Data extracts:
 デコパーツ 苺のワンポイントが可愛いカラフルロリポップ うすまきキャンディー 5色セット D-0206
---
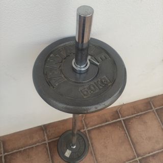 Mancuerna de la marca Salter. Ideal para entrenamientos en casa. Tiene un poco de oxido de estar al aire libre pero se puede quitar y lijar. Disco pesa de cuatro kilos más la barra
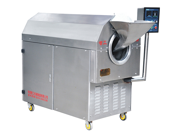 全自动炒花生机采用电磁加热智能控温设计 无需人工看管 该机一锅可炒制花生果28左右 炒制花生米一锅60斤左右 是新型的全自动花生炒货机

Task objective: The answer is the lines above from the one with "Mancuerna de la" to the one with "全自动炒花生机采用电磁加热智能控温设计 无需人工看管 该机一锅可炒制花生果28左右", set down exactly, with no pictures.

Answer below:
 Mancuerna de la marca Salter. Ideal para entrenamientos en casa. Tiene un poco de oxido de estar al aire libre pero se puede quitar y lijar. Disco pesa de cuatro kilos más la barra
 全自动炒花生机采用电磁加热智能控温设计 无需人工看管 该机一锅可炒制花生果28左右 炒制花生米一锅60斤左右 是新型的全自动花生炒货机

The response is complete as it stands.